## Provided data
↓
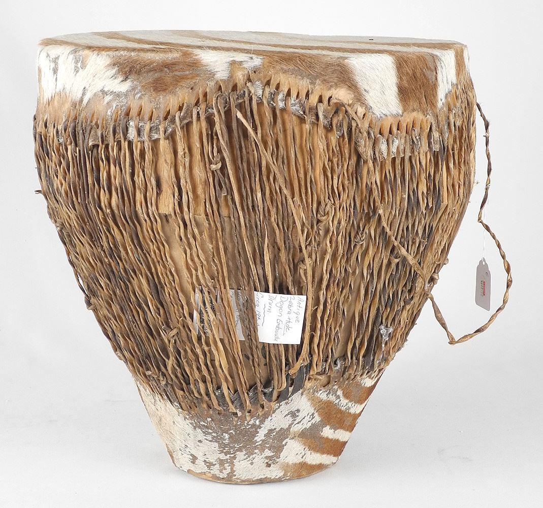 LOT 90 African Zebra Hide Drum, 14 1/2" Diameter, 14 3/4"h. Estimate: $60 - $100 Sold For: $50 Auction Date: Tuesday, December 03 2024 at 4:00 PM
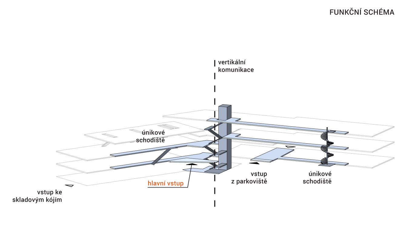 Obě křídla objektu propojujeme jak v rovině provozní, tak i prostorové.
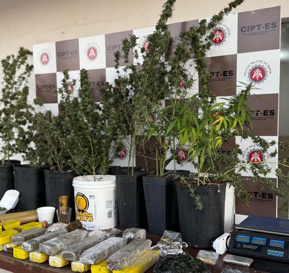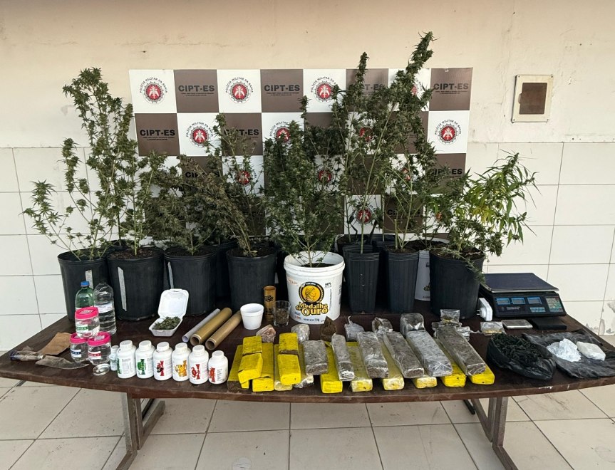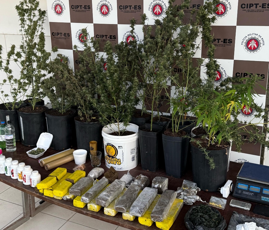 Na sequência, os agentes iniciaram buscas no veículo, onde encontraram porções de maconha escondidas embaixo do banco do carona. Dentro da residência, foram identificados diversos tabletes de maconha espalhados pelo chão e na parte dos fundos do imóvel, onde também havia pés da planta e materiais para cultivo.
↑
## Try it
Starting with the first line of the data above and ending with the line containing "Obě křídla objektu", please restate every line exactly, leaving images out.

## Response
 LOT 90 African Zebra Hide Drum, 14 1/2" Diameter, 14 3/4"h. Estimate: $60 - $100 Sold For: $50 Auction Date: Tuesday, December 03 2024 at 4:00 PM
 Obě křídla objektu propojujeme jak v rovině provozní, tak i prostorové.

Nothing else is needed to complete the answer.